As their early history is a big unknown, and from some of the problems I've witnessed with them, I will assume they did not spend the recommended amount of time with their moms and littermates, which led to inappropriate behaviors developing in the first place. Which then could have very well led to their abuse (using the wrong training methods to try to correct bad/unwanted behaviors).

It is sad to think all this could have been avoided by allowing them to spend the appropriate amount of time with their moms and siblings, and maybe that would have prevented them being dumped/turned over to the Humane Society in the first place.

The lessons that puppies learn from their moms and littermates between the ages of 8-12 weeks are critical to the pup's overall wellbeing, and it so much more important than any bonding experience with humans at that stage in their development. Yorkies are amazing little dogs, and can adapt to just about any situation. It's just easier on all involved to allow Mother Nature to do her job.

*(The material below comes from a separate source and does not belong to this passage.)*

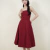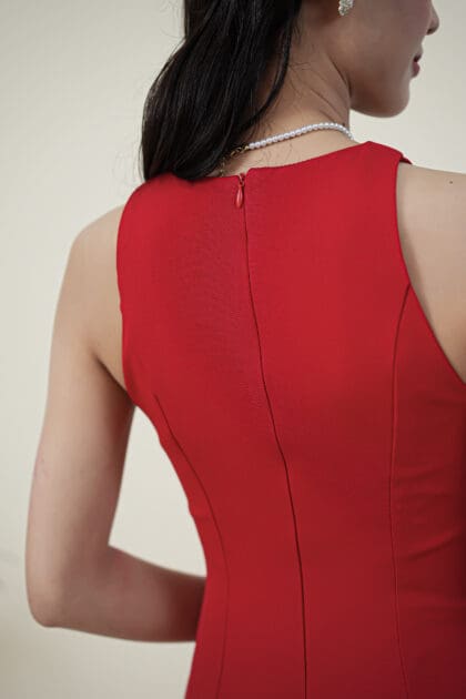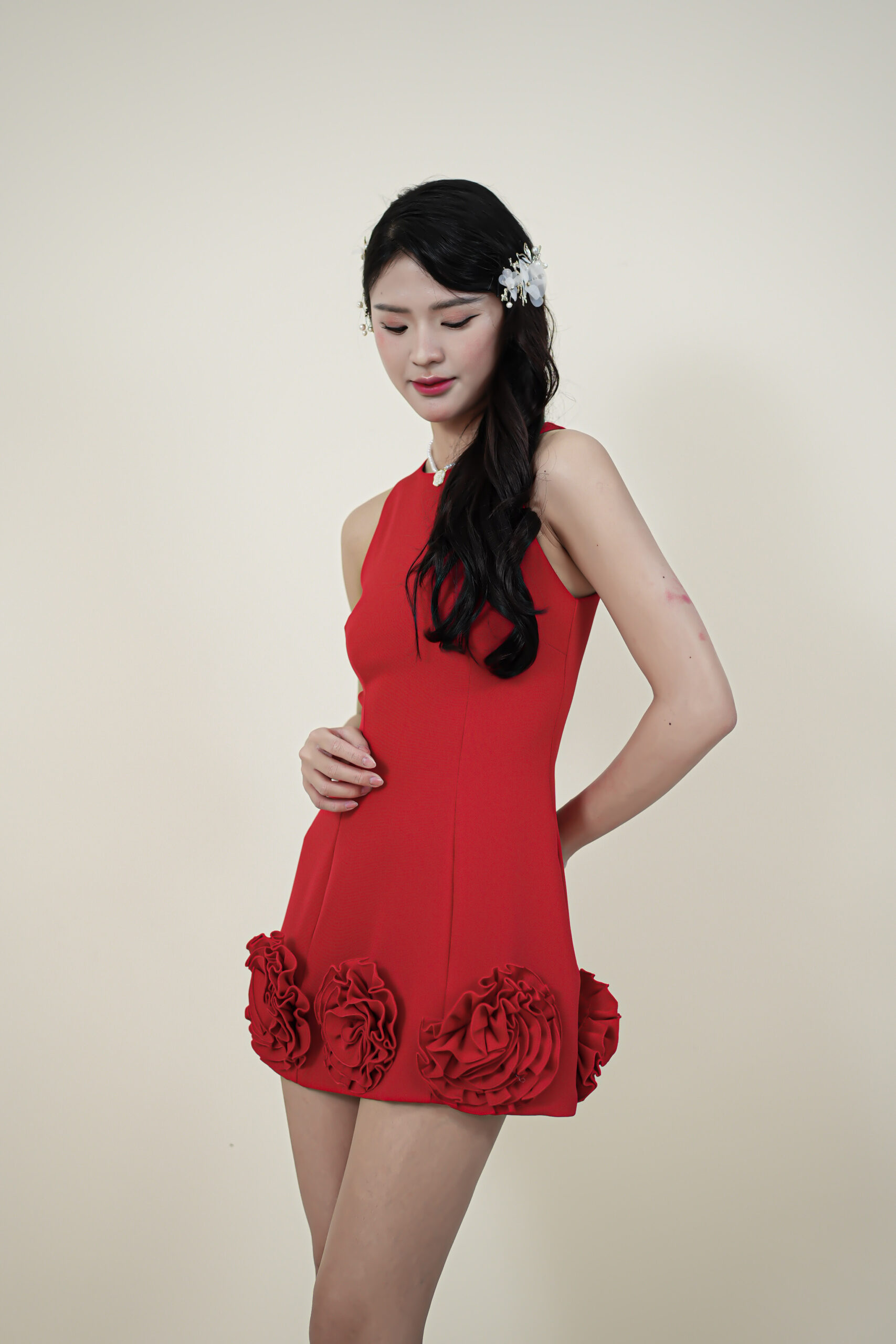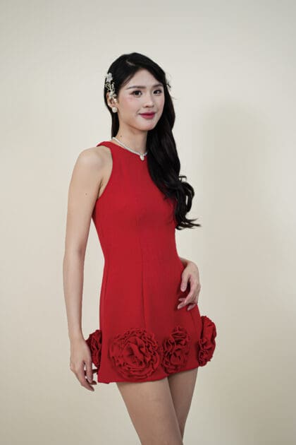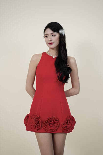 Made of cotton fabric, decorative flower patch located at bottom hem, invisible zipper at center back

Don't you think that through all the years and years of people breeding and raising Yorkies for them to come up with the idea to wait till after the 12th week that there is a good reason for doing so? Don't you think that issues have been evaluated and experiments done to the point of exhaustion to find the best method of raising a Yorkie so that their health and mental wellbeing is at the best level when they do get to their new homes? Thereby creating the best overall environment to give them a wonderful start in their new life, and to be the best pet they can be, without the owners having to train and correct behaviors that should never have developed in the first place?

Bonding will occur much more rapidly between and owner and a well adjusted pup, than it will between an owner and a pup who has issues, not that it can't be done, bc it can, it just takes more work and more time, on the owner's part.